### [Work instructions]
Nothing but the lines from the start of the data through the line with "たくさん遊んだ後は、おいしいあアイスクリームです!冷たくて、おいしいよ!" should appear in the answer, each retyped exactly, and pictures should not.

### [Dataset entries]
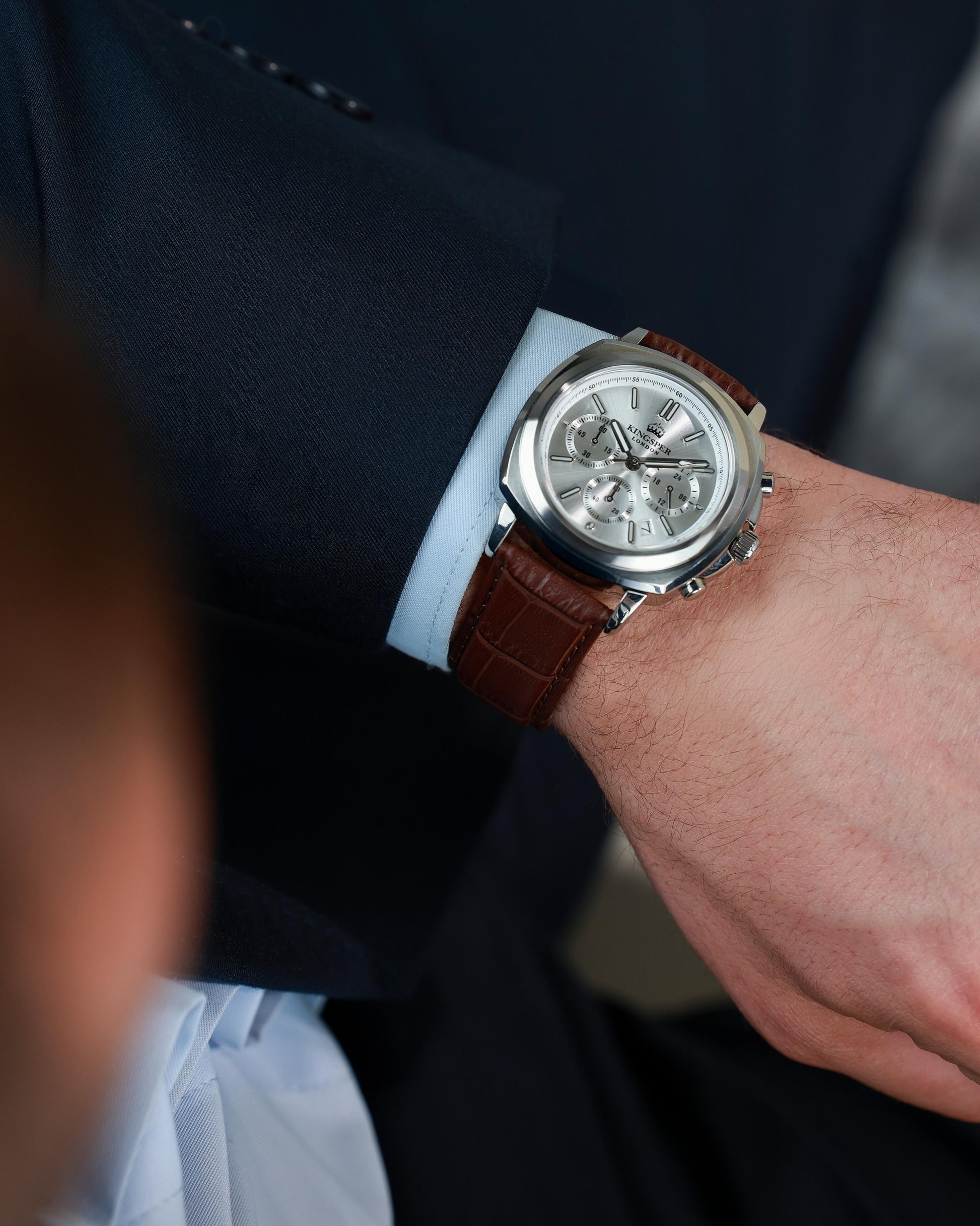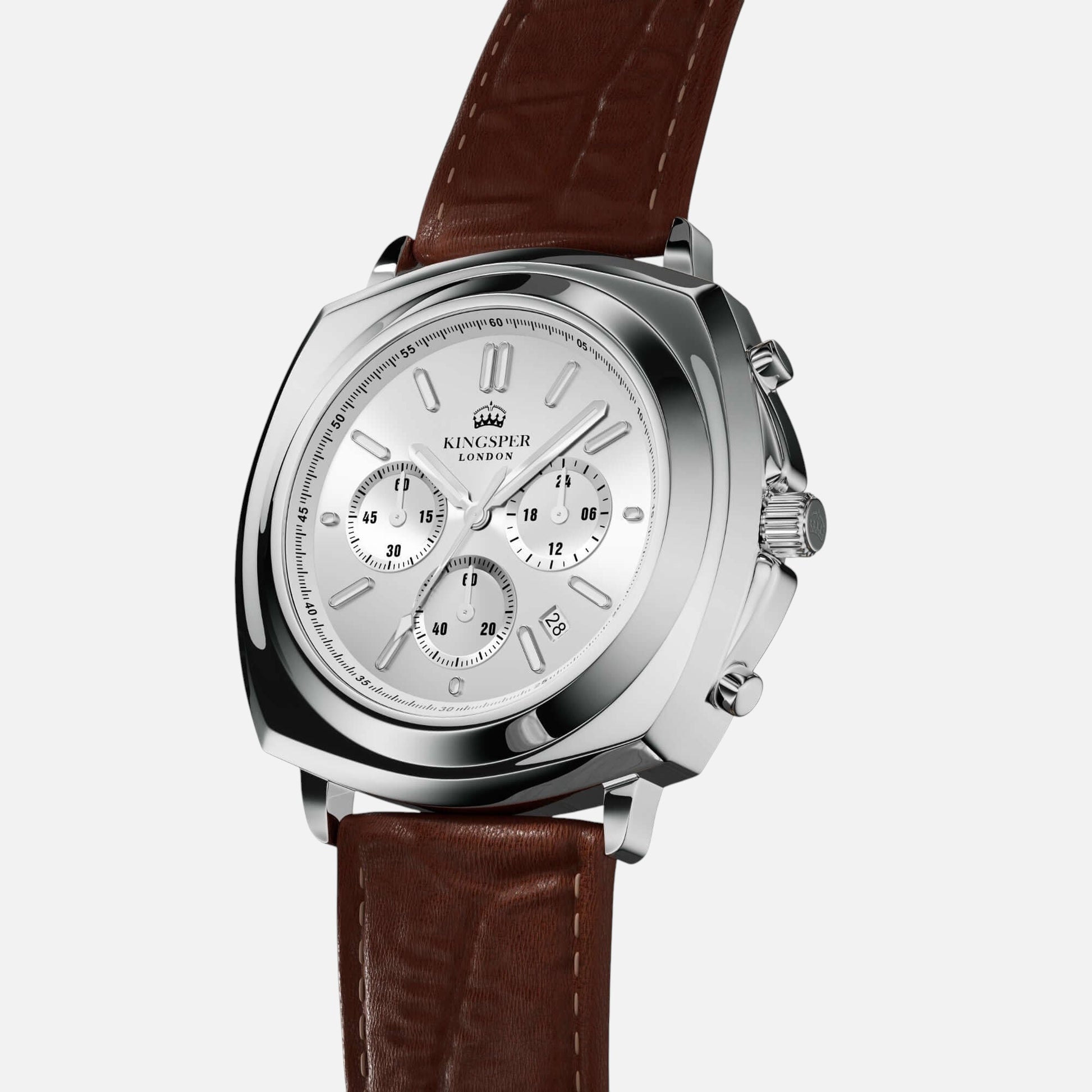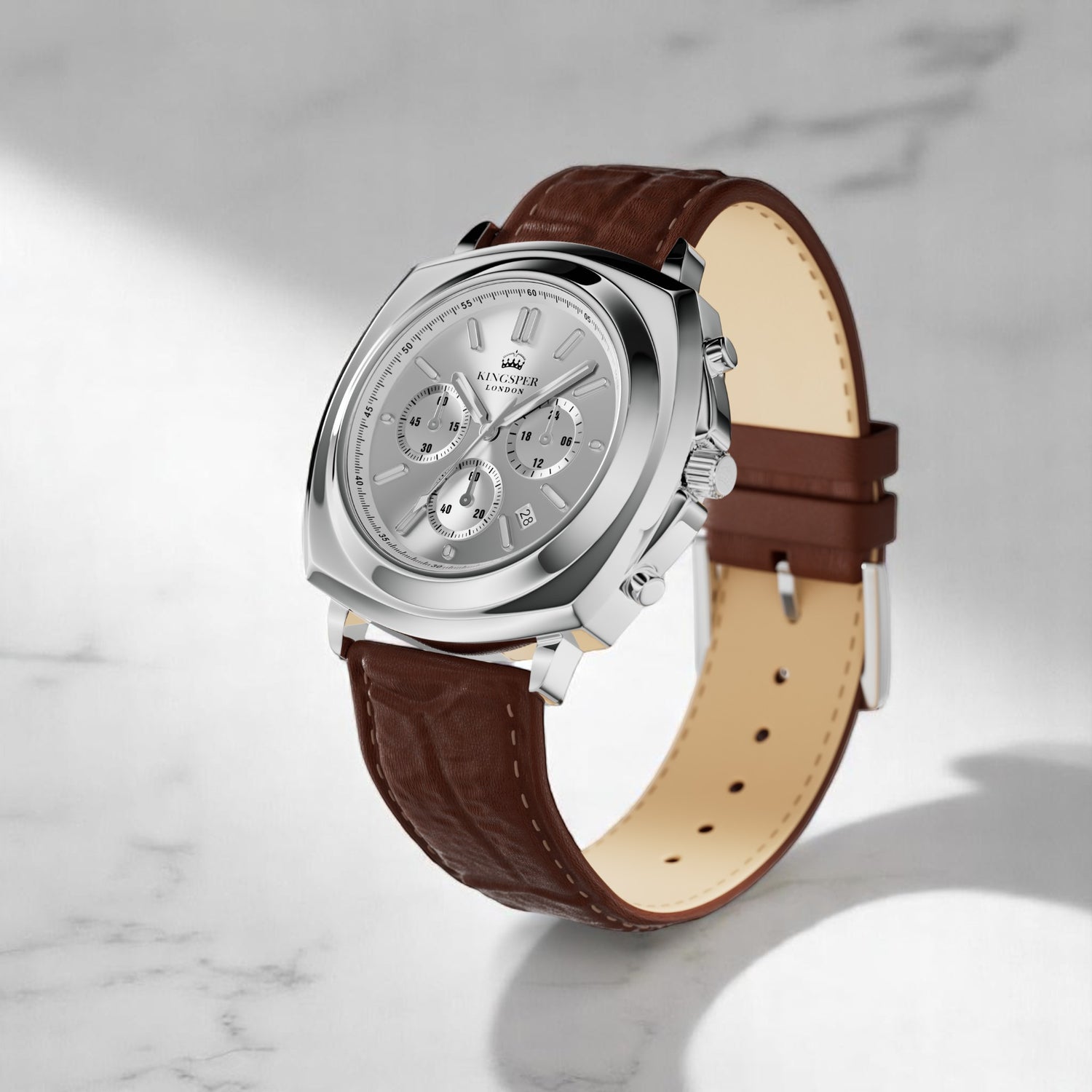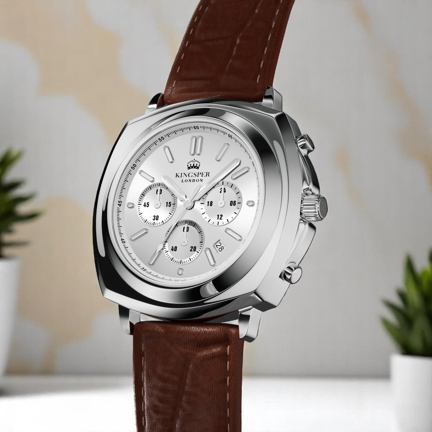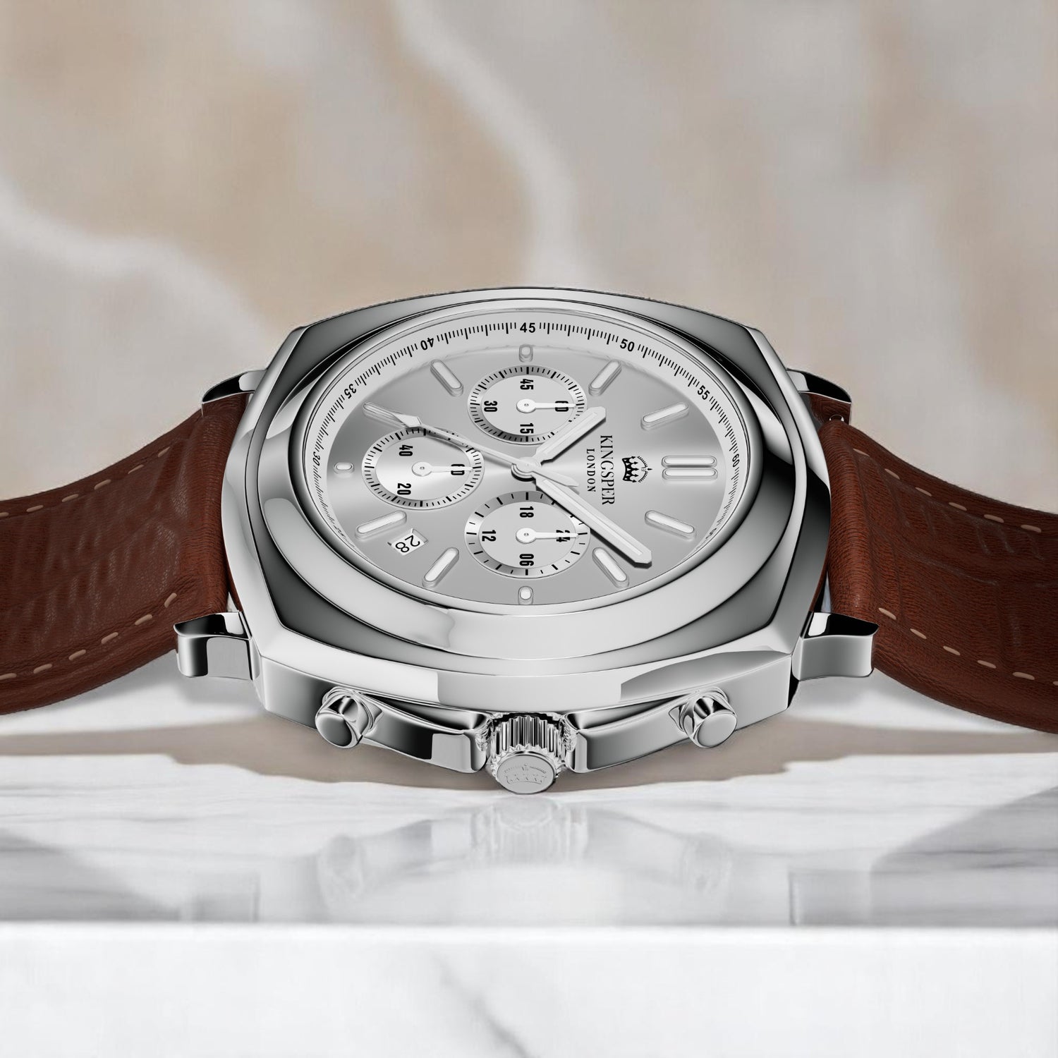 Amid the unyielding pace of the urban sprawl, where each second counts, The Monarch moves with intent. Clad with the Monarch watch by Kingsper. Crafted from polished stainless steel with a light silver dial, this watch is a testament to resilience and refined ambition. As Alex navigates through critical decisions and pivotal moments, his Monarch watch is more than just a timekeeper; it's a symbol of his steadfast pursuit of excellence, mirroring his resolve to master every challenge with precision.
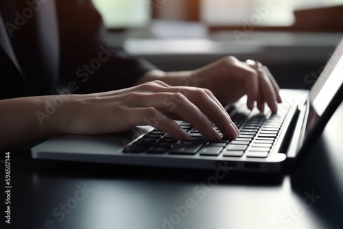 The image features a close-up view of a businesswoman's hand as she uses a laptop to perform financial calculations on her office desk.
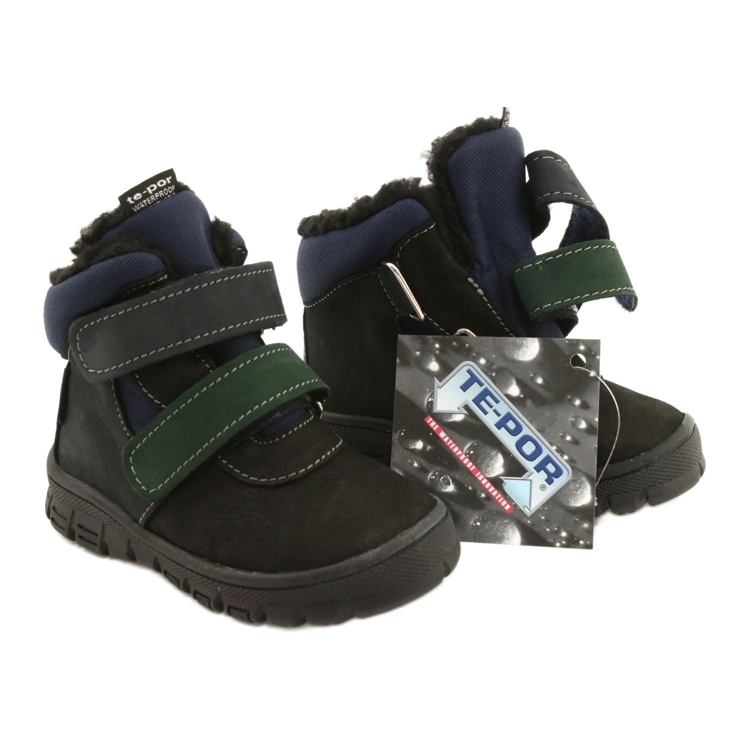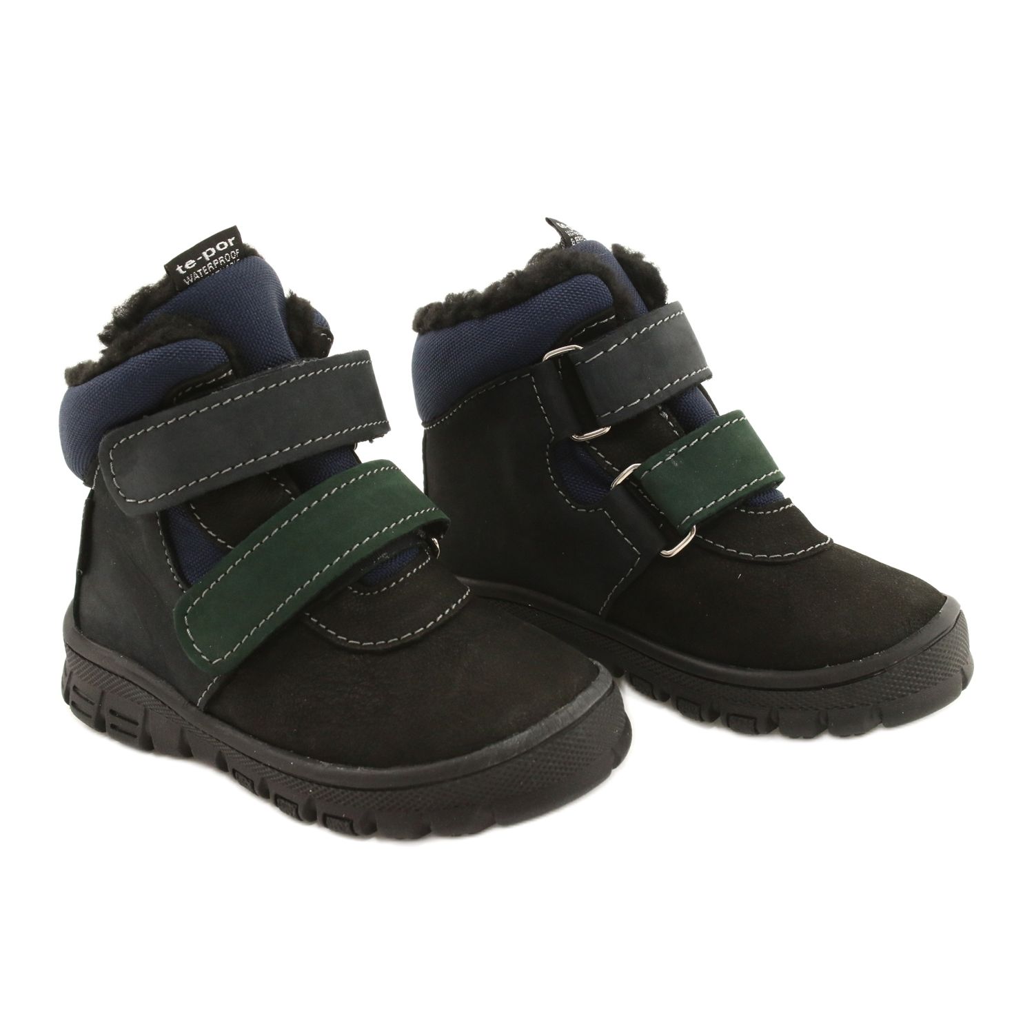 Praktische und feste Stiefel für einen Jungen, der natürliche Haut mit haltbarem Material kombiniert. Ausgestattet mit der TE-POR-Membran (wasserdichte) Membran, dank der die Schuhe wasserdicht für Winterausgaben und Spiele draußen. Das mit weiche Fell isolierte Innenraum sorgt für Wärme, und die versteifte Fersenstabilität stabilisiert und schützt den Knöchel des Kindes.
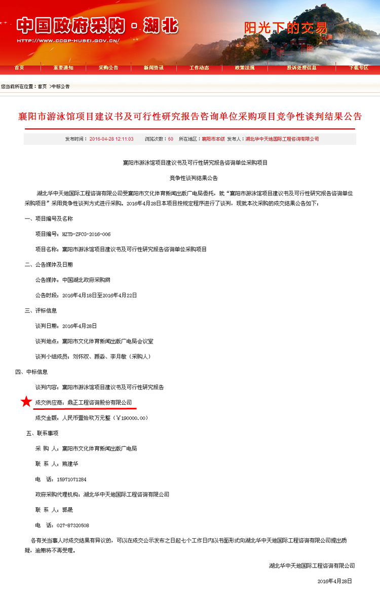 【經(jīng)營成果】我司中標(biāo)襄陽市游泳館項目建議書及可行性研究報告咨詢單位采購項目
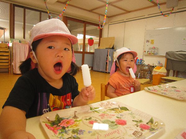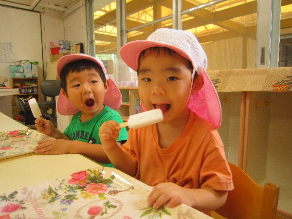 たくさん遊んだ後は、おいしいあアイスクリームです!冷たくて、おいしいよ!
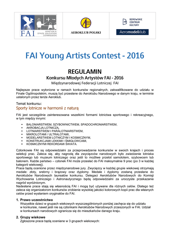 AEROKLUB POLSKI FAI Young Artists Contest - 2016 REGULAMIN Konkursu Młodych Artystów FAI - 2016 Międzynarodowej Federacji Lotniczej FAI Najlepsze prace wyłonione w ramach konkursów regionalnych, zakwalifikowane do udziału w Finale Ogólnopolskim, muszą być przesłane do Aeroklubu Narodowego w danym kraju, w terminie ustalonym przez tenże Aeroklub. Temat konkursu: Sporty lotnicze w harmonii z naturą FAI jest szczególnie zainteresowana wszelkimi formami lotnictwa sportowego i rekreacyjnego, w tym między innymi: BALONIARSTWEM, SZYBOWNICTWEM, SPADOCHRONIARSTWEM, AKROBACJĄ LOTNICZĄ, LOTNIARSTWEM I PARALOTNIARSTWEM, MIKROLOTAMI / ULTRALOTAMI, MODELARSTWEM LOTNICZYM I KOSMICZNYM, KONSTRUKCJAMI LEKKIMI I ŚMIGŁOWCAMI, KOSMICZNYMI REKORDAMI ŚWIATA. Członkowie FAI są odpowiedzialni za przeprowadzenie konkursów w swoich krajach i proces selekcji prac. Zaleca się, aby nagrodą dla zwycięzców narodowych było zwiedzenie lotniska sportowego lub muzeum lotniczego oraz jeśli to możliwe przelot samolotem, szybowcem lub balonem. Każde państwo – członek FAI może przesłać do FAI maksymalnie 9 prac (po 3 w każdej kategorii wiekowej). Prace będą ocenione przez międzynarodowe jury. Zwycięzcy w każdej grupie wiekowej otrzymają medale: złoty, srebrny i brązowy oraz dyplomy. Medale i dyplomy zostaną przesłane do Aeroklubów Narodowych laureatów konkursu. Delegaci Aeroklubów Narodowych do Komisji Wychowania Lotniczego i Astronautycznego będą odpowiedzialni za uroczyste przekazanie nagród wyróżnionym. Nadesłane prace stają się własnością FAI i mogą być używane dla różnych celów. Dlatego też zaleca się organizatorom konkursów zrobienie wysokiej jakości kolorowych kopii prac dla własnych celów przed wysłaniem oryginałów do FAI. 1. Prawo uczestnictwa Wszystkie dzieci w grupach wiekowych wyszczególnionych poniżej zachęca się do udziału w konkursie, nawet jeśli nie są członkami Aeroklubów Narodowych zrzeszonych w FAI. Udział w konkursach narodowych ogranicza się do mieszkańców danego kraju. 2. Grupy wiekowe Zgłoszone prace będą oceniane w 3 grupach wiekowych: Grupa I. - kategoria młodzików (urodzeni między 1.01.2006 a 31.12.2009), Grupa II. - kategoria juniorów młodszych (urodzeni między 1.01.2002 a 31.12.2005), Grupa III. - kategoria juniorów (urodzeni między 1.01.1998 a 31.12.2001). 3. Format Wymagany jest format A3 (297 x 420 mm lub 11,75 x 16,5 cali) lub, jeżeli wyżej wymieniony format jest nieosiągalny w Waszym kraju, format najbardziej zbliżony do podanego. Praca nie może być oprawiona w ramę lub otoczona marginesem (krawędziami, brzegiem, obwódką, lamówką). 4. Wykonanie Cała praca musi być wykonana ręcznie (lub w przypadku osób niepełnosprawnych - stopą lub ustami). Pracę można wykonać: farbami wodnymi, farbami akrylowymi, farbami olejnymi, ołówkami nieścieralnymi, flamastrami lub markerami, piórami kulkowymi, tuszem lub trwałym atramentem, pastelami, kredkami lub innymi podobnymi, trwałymi technikami plastycznymi. Praca nie może być wykonana: ołówkiem, węglem do rysowania lub innym nietrwałym środkiem przy użyciu technik komputerowych nie może być to "kolaż" z wykorzystaniem zdjęć i fotokopii 5. Oznakowanie Należy wypełnić I cz. „Certyfikatu”, wpisując dane uczestnika. Formularz certyfikatu załączony jest do Pisma Organizacyjnego Aeroklubu Polskiego. 6. Oświadczenie autentyczności Należy wypełnić i podpisać II cz. „Certyfikatu”, tzw. poświadczenie autentyczności. Poświadczenie musi być podpisane (imię, nazwisko, podpis) przez nauczyciela, rodzica lub opiekuna, albo inną właściwą osobę. PRAWIDŁOWO WYPEŁNIONY I PODPISANY CERTYFIKAT należy trwale przykleić na odwrocie pracy plastycznej 7. Adres nadsyłania prac Prace mają być nadsyłane do organizatora konkursu w danym kraju, a nie bezpośrednio do FAI. Prace będą oceniane przez Międzynarodowe Jury pod warunkiem, że zostaną przesłane przez członków FAI na adres biura FAI w Lozannie, w wyznaczonym terminie. Interpretacja tematu na rok 2016 SPORTY LOTNICZE W HARMONII Z NATURĄ Piękno ziemi w całej swej okazałości zobaczyć można jedynie z wysokości. Każdego dnia tysiące może doświadczać takich widoków patrząc na ziemię z pokładów pasażerskich samolotów. Jednak są również osoby, dziewczęta i chłopcy oraz kobiety i mężczyźni, które zajmują się różnymi dyscyplinami sportu lotniczego. Oni mają tą możliwość podziwiać piękne widoki z zupełnie innej perspektywy, czy to z kabiny szybowca, czy też z gondoli balonu. Jeszcze inni pasjonaci przestrzeni skaczą ze spadochronem czując pęd powietrza aby potem wylądować pośrodku malowniczego pola. Niektórzy przemieszczają się po niebie na pokładzie samolotów ultralekkich lub śmigłowców. Z góry pełnia przyrody jest widoczna w sposób nieosiągalny z powierzchni Ziemi. Śmigłowce dają możliwość oglądania niedostępnych rzek i kanionów, a balony unoszą się nad domami miast. Takie spojrzenie z innej perspektywy daje możliwość obserwacji wzajemnego współistnienia ziemi, wody, zwierząt i ludzi – wszystkich elementów, które wchodzą w skład naszej planety. Z powietrza, jesteśmy w stanie robić niesamowite zdjęcia i filmy, które nigdy nie oddały by w taki sposób piękna Ziemi gdyby były wykonywane z poziomu lądu. Samolotom i śmigłowcom do pokonywania przestrzeni nie są potrzebne żadne drogi. Pilotowi wystarczy jedynie lotnisko lub otwarte pole aby wznieść się w powietrze na swej maszynie. Korzystając z tej wolności, lotnicy muszą jednak pamiętać aby być w harmonii z otaczającą ich nieograniczoną przyrodą, być przyjacielem zwierząt i środowiska naturalnego, być dobrym sąsiadem dla wszystkich ludzi. Szczególnie należy to mieć na uwadze podczas startów i lądowań. Entuzjaści sportu lotniczego są szczęśliwi z tego co robią, ponieważ piękno ziemi jest jedn

### [Response to this task]
 Amid the unyielding pace of the urban sprawl, where each second counts, The Monarch moves with intent. Clad with the Monarch watch by Kingsper. Crafted from polished stainless steel with a light silver dial, this watch is a testament to resilience and refined ambition. As Alex navigates through critical decisions and pivotal moments, his Monarch watch is more than just a timekeeper; it's a symbol of his steadfast pursuit of excellence, mirroring his resolve to master every challenge with precision.
 The image features a close-up view of a businesswoman's hand as she uses a laptop to perform financial calculations on her office desk.
 Praktische und feste Stiefel für einen Jungen, der natürliche Haut mit haltbarem Material kombiniert. Ausgestattet mit der TE-POR-Membran (wasserdichte) Membran, dank der die Schuhe wasserdicht für Winterausgaben und Spiele draußen. Das mit weiche Fell isolierte Innenraum sorgt für Wärme, und die versteifte Fersenstabilität stabilisiert und schützt den Knöchel des Kindes.
 【經(jīng)營成果】我司中標(biāo)襄陽市游泳館項目建議書及可行性研究報告咨詢單位采購項目
 たくさん遊んだ後は、おいしいあアイスクリームです!冷たくて、おいしいよ!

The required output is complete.